İkinci Dünya Savaşı sonrası kendisini demokrasinin, çağdaşlığın simgesi olarak gören Batı Bloku’nun kendi içinde yaşadığı en zorlu sınav kuşkusuz Vietnam Savaşı oldu. ABD’den Vietnam’a gönderilen askerlerin yaşadıkları travmalar; bu toplum içinde önemli bir uyanışın ve aydınlanmanın sembolü oldu. ‘Vietnam’da ne işimiz var?’ sorusu çok uzun yıllar sorulmaya devam etti. Soğuk Savaş döneminin en çetin süreçlerinde ABD’de Muhammed Ali, Malcolm X gibi tanınan isimlerin de protesto ettikleri bir savaştı bu.

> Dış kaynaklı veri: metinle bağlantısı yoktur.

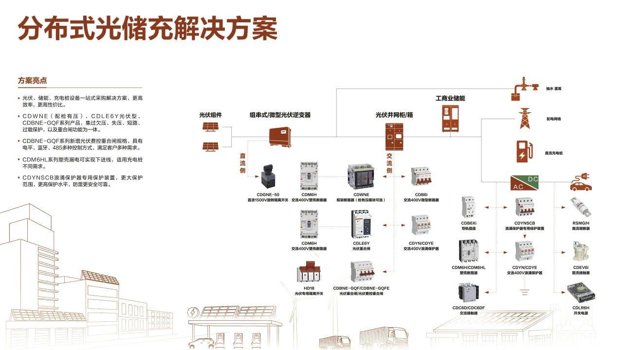 02.德力西电气的分布式光储充解决方案,广泛适用于工商业建筑、民用建筑以及农光互补、车棚等多种场景,为客户提供了一站式交直流开关元件服务,助力实现绿色能源效益提升和可持续发展。

Öyleyse gelin, Vietnam Savaşı’nın ABD toplumunda hangi duyguları ayağa kaldırdığını yeniden anımsayalım.
İkinci Dünya Savaşı sonrası Dünya’nın iki kutbu arasında başlayan Soğuk Savaş’ın en şiddetli yılları 1960’lar oldu. Bu dönemde alev alan Vietnam Savaşı ise savaşın çirkin yüzünü tüm insanlığa bir kere daha yaşattı.
On binlerce ABD askeri bir anda hiç tanımadıkları, bilmedikleri topraklara; Asya ücralarına doğru yola koyuldular, girdikleri bu savaştan çıkmaları ise hiç kolay olmayacaktı.
Dönemin en başarılı ve tanınmış sporcularından Muhammed Ali de Vietnam Savaşı’na karşı çıkan en bilindik aktivistlerden biriydi.
Muhammed Ali’nin bu tutumu tüm dünyada savaş karşıtlarının ve ırk ayrımcılığına karşı mücadele eden aktivistlerin büyük beğenisini toplasa da, Ali’ye çok pahalıya mal oldu.
ABD şehirlerinde savaş karşıtı gösteriler yoğunlaşırken cepheden de iyi haberler gelmiyordu. ABD ve müttefikleri tüm uğraşlarına rağmen Kuzey Vietnam savunmasını yaramadılar.
Vietnam’da elde edilen zaferin Çin Halk Cumhuriyeti ile Sovyet Rusya arasındaki sorunları gidereceği düşünülüyordu ama bu savaşın ardından iki ülke arasındaki fikir ayrılıkları daha çok büyüdü.
İkinci Dünya Savaşı’ndan sonra insanlığın yaşadığı en büyük trajedi olarak kayıtlara geçen Vietnam Savaşı, demokrasi bloku olarak kodlanan Batı’nın acımasız yüzünü ortaya çıkartan bir örnek olarak kayıtlara geçti.